By Janet Zand, n.d., l.ac.,

Q: What is the most effective natural way to control childhood asthma?

A: Sometimes asthma is triggered by substances the child is allergic to, so one of the most important things you can do is figure out what they are and keep your child’s environment as free of them as possible. Common triggers include pollen, animal dander, dust, feathers, mites, and household chemicals. (For tips on allergy-proofing your home, see the next question.)

Foods can also bring on attacks. Citrus and whole wheat can be a problem, especially when combined with food dyes and sulfite additives. It’s not uncommon for kids with allergies and asthma to have a tendency to get dehydrated, so parents need to make sure they drink lots of fluids.

As far as keeping inflammation in check, essential fatty acids, which are found in evening primrose oil, borage oil, and fish oil, are very effective. You can get all these in supplement form; read the label to figure out the age-appropriate dosage for your child. (If there’s no specific dose information on the label, phone the manufacturer to get it.) With fish oils, make sure to choose a brand that’s certified as “molecularly distilled,” which is less likely to be contaminated with mercury.

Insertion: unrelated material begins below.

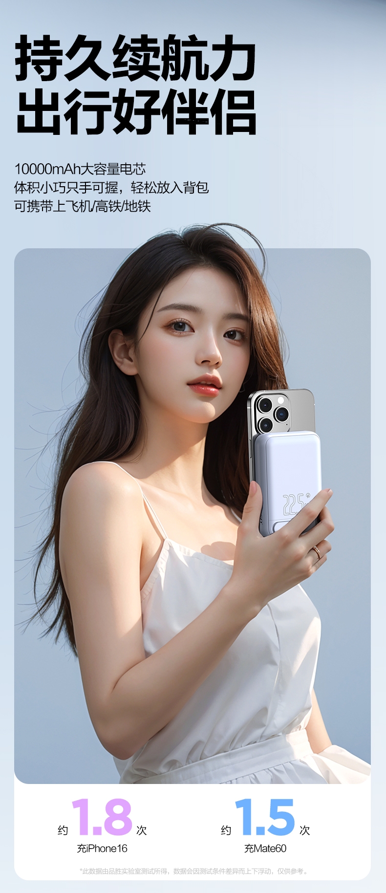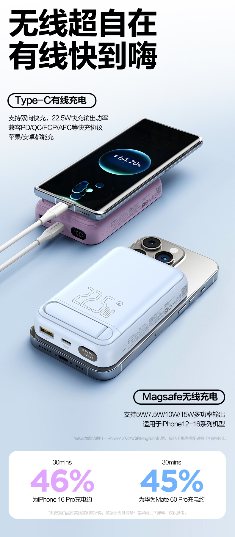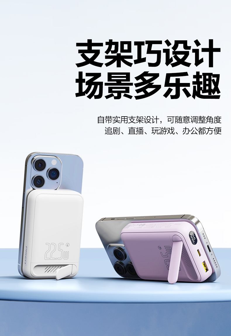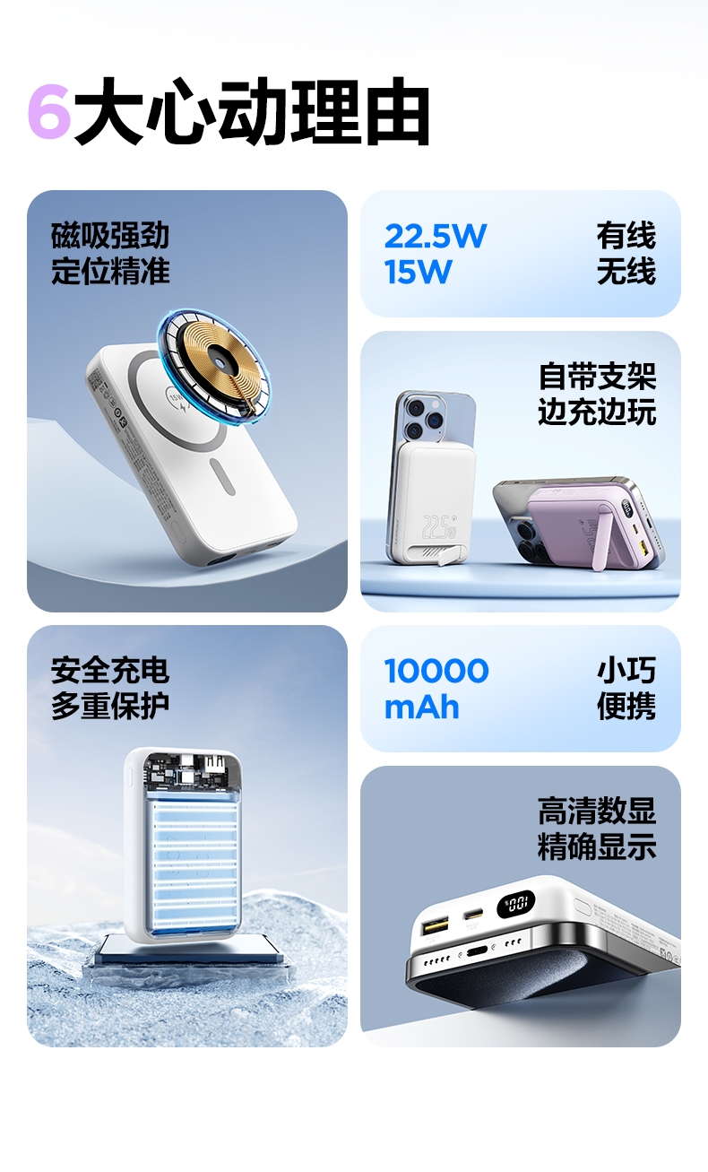 无线磁吸,超强磁吸不脱落,自动精准配对;支持LED屏显,实时显示剩余电量,随心掌控;折叠支架设计,横竖皆可,畅享解放双手;支持多协议快充,最高支持22.5W快充,安全快速;10000mAh高密度聚合物电芯,足额实标

Supplementing with magnesium, which dilates the bronchial tubes, can be helpful, too. The downside is that too much magnesium causes a loose stool, so you have to monitor the child carefully. Try giving 100 milligrams three or four times a week for three months. All these natural medicines work best if you rotate them. Try something for a month, see how it affects your child, then try something else.

You might also want to consider your child’s emotional state, since childhood asthma often comes along with emotional trauma. Homeopathic remedies can be helpful with this end of things, but I’d recommend a visit with a homeopath, who can tailor the remedy specifically to the child’s needs.

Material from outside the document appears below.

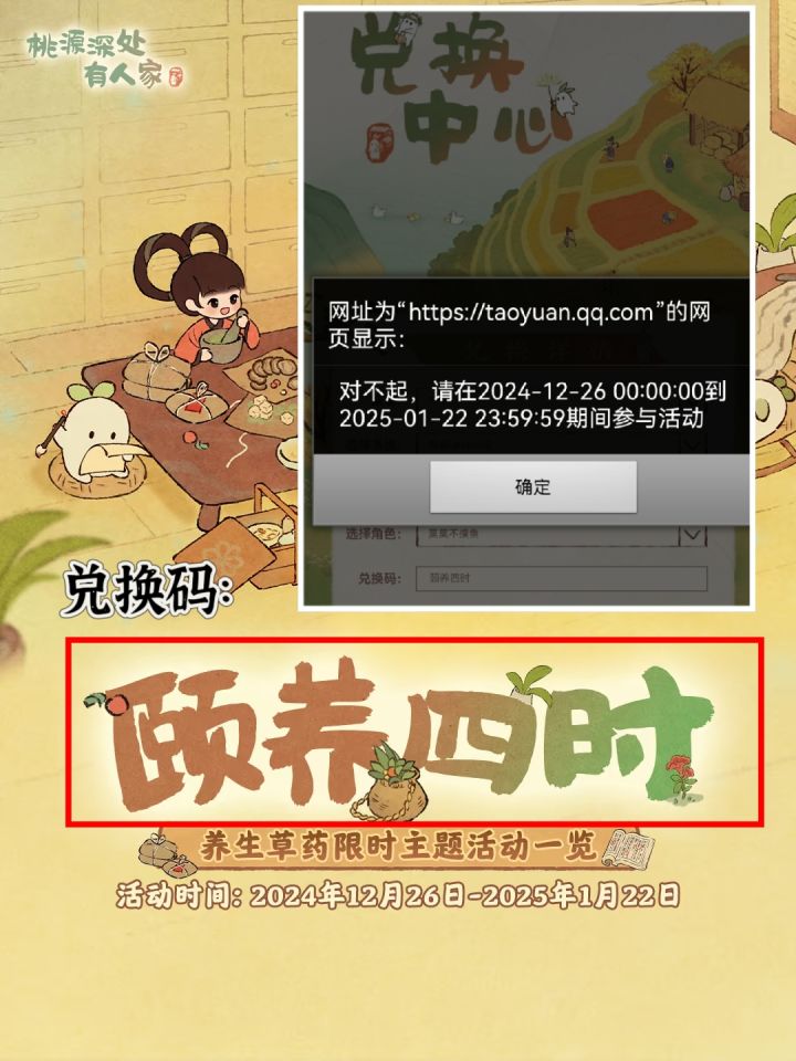 桃源最新兑换码「颐养四时」

Another option, which many kids don’t get nearly enough of these days, is regular exercise. Swimming is especially good for kids with allergies and asthma, since the moisture keeps their air passages from drying out, and in time their lungs get stronger. Outdoor pools are best, because the chlorine is better ventilated. (If a child is allergic to chlorine, of course, you’re better off giving swimming a pass.)